# Vaslar Jungle Traitors



## Pickle (Jan 20, 2008)

Several regiments fell under heavy fire and disappeared into the surrounding jungle screaming. The remaining regiments morale faltered and many ran into the dense rainforest. Screams echoed through the trees. A few hours later, fifty or so men ran in to the spaceport, gibbering as if insane. Only allowed free from the Vaslarians, once the Mark of Chaos was carved into their flayed flesh. As half of regiment IV was patrolling around the spaceport, shots rang between the trees echoing to the port. As Inquisitor Typhon was organizing another scout party from regiment VII, cracks of sniper rifles smashed though the comparatively silence of the never-ending forest. Massed sniper fire slaughtered the remaining troops, as his Karskin tried to locate the ever moving snipers. Slowly but surely the men remaining in the port either died or ran into the forest to face a still worse fate. Once again screams echoed as the running troops were captured by the Vaslarians to be taken for slaughter or even torture. He called for an immediate extraction of the remaining men and himself. Valkyries marked by the sign of the Inquisition flew down, the men jumped aboard the craft hoping for a quick escape. The Valkyries lifted off the pad, and flew upwards slowly spiraling to gain height. Several krak missiles whipped through the sky homing in on the Valkyries. The missiles smashed into the engines of the ships causing them to spin out of control and crash somewhere deep within the forest. 

A roaring was heard just outside the clearing of the port and tree fell suddenly crashing to the spaceports metallic flooring. Daemons of all kinds ran in past the sentinel clearing the space port of the last cowering guardsmen. The sentinel stepped over the trunk of the tree and stopped once it reached the centre of the massive landing.

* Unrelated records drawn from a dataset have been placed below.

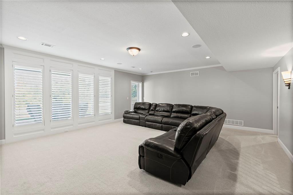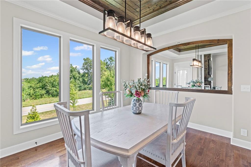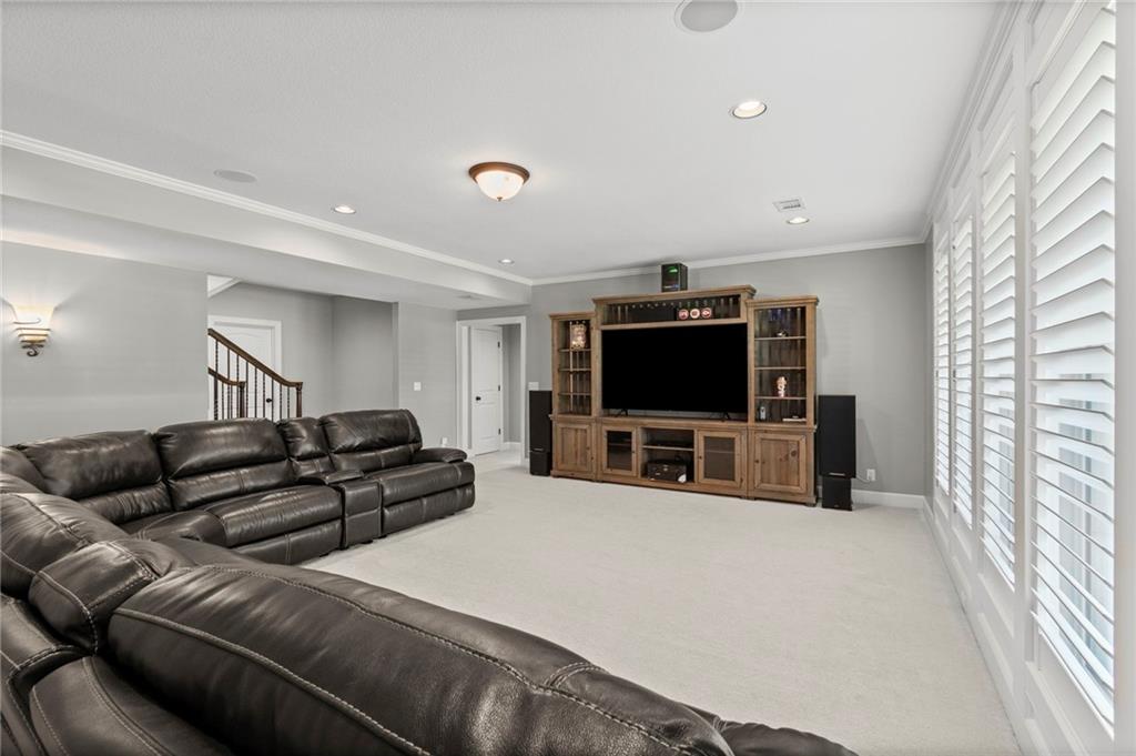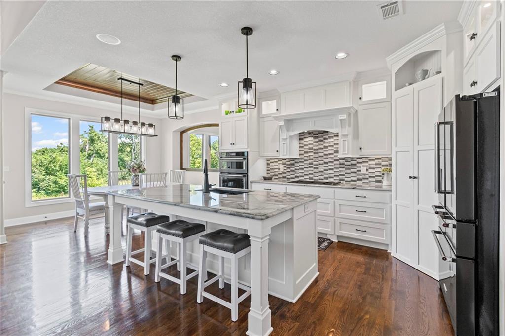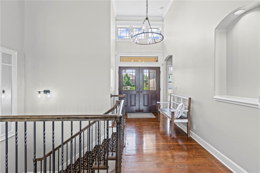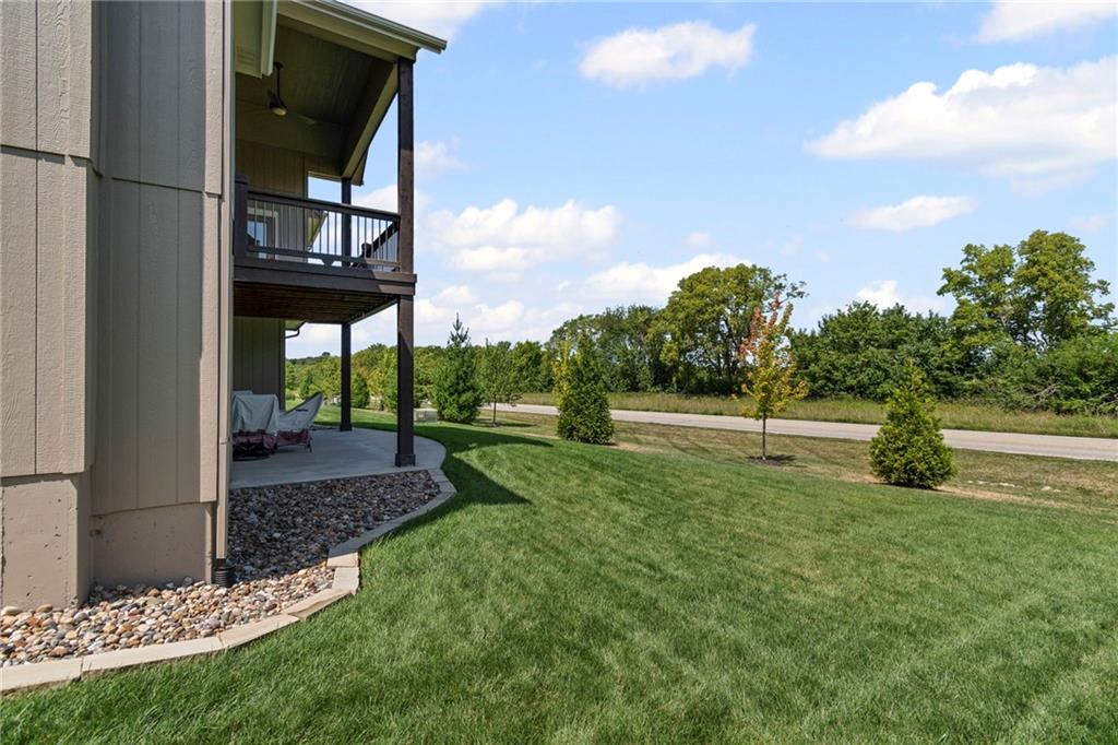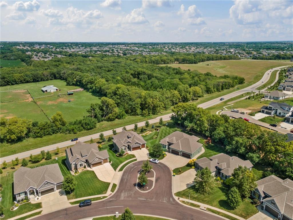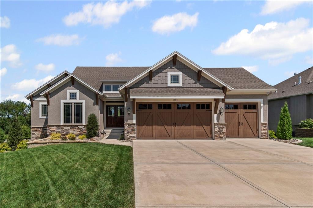Beautiful Jefferson Reverse 1.5 by Bickimer Homes featuring plantation shutters, rich hardwoods, and stunning stonework with upgrades throughout. Step inside through the impressive double front doors into a soaring entryway with 14’ ceilings, leading into the Great Room with 12’ ceilings, crown molding, and a see-through fireplace that connects to the covered deck overlooking peaceful acreage—a perfect spot for morning coffee or evening relaxation. The kitchen has been fully refinished and shines with NEW countertops, NEW tile backsplash, NEW lighting, freshly painted cabinets with NEW hardware, NEW Kitchenaid appliances, NEW sink, NEW black stainless stove with gas cooktop and microwave/oven combo. A huge walk-in pantry for all your storage needs. The spacious Primary Suite also offers deck access and includes a gorgeous bath, massive closet, and adjoining laundry space. 4 full bedrooms plus a bonus office (converted from unfinished space in the lower level) and even a finished under-stairs play area for kids. Bathrooms feature elongated toilets and thoughtful details throughout. The lower level is designed for entertaining with built-in speakers, a large patio, and plenty of flexible storage space—perfect for a gym, hobby area, or more. The garage is a showstopper with extra finished square footage that’s heated/cooled, upgraded garage doors, NEW epoxy flooring, and fresh paint. Additional highlights include hardwood stair landings, mud bench, all casement windows, and wonderful neighborhood location close to Heritage Park. This one is PRICED TO SELL!
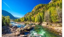 一進(jìn)入9月,喀納斯便進(jìn)入了純金的時(shí)節(jié)。天高云淡,藍(lán)天如洗,層林盡染,滿目流金,深綠的山坡上透出一片片黃枝紅葉相間、青山白雪相連的色塊,湖畔的白樺、紅松、冷杉等樹木會(huì)以金黃、橙紅、黛綠等交叉的色彩,烘托著山頂耀眼的雪色,投映在翡翠石般的喀納斯湖上,光彩奪目,令人沉醉。此時(shí)也是攝影的最佳時(shí)節(jié)。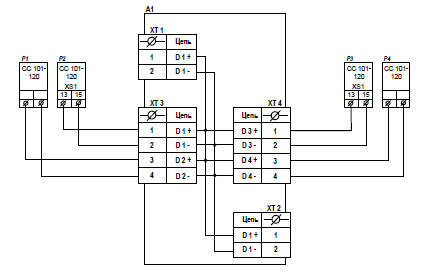 транзита и подключения 2-х проводных интерфейсных линий связи (RS485 или M-BUS) к 4-м счетчикам и является пассивным соединительным устройством.

A second one soon followed walking slowly in. The sentinel’s doors opened creaking slightly.

A man stepped down slowly and jumped to the muddy floor. The pilot of the second sentinel voxed something to some nearby troops and they emerged from the foliage carrying icons of the Chaos gods. A ragged man walked towards the centre of the port, he ripped his bloody shirt apart revealing the sign of Chaos. As he arrived at the centre of the port he clutched his head as if in pain. A glowing symbol identical to that upon his chest appeared upon the deck of the spaceport and slowly grew until it covered the whole floor. The glowing symbol remained as if etched upon the metallic surface as the psyker rose back up. He walked towards the man from the sentinel and said to him, "Welcome, Lord Kharon, today the ritual will begin, the sacrifices have arrived and already begun." Kharon shook his head as if he was happy and said, "Good, Aelon, We will began to make the blood flow steadily."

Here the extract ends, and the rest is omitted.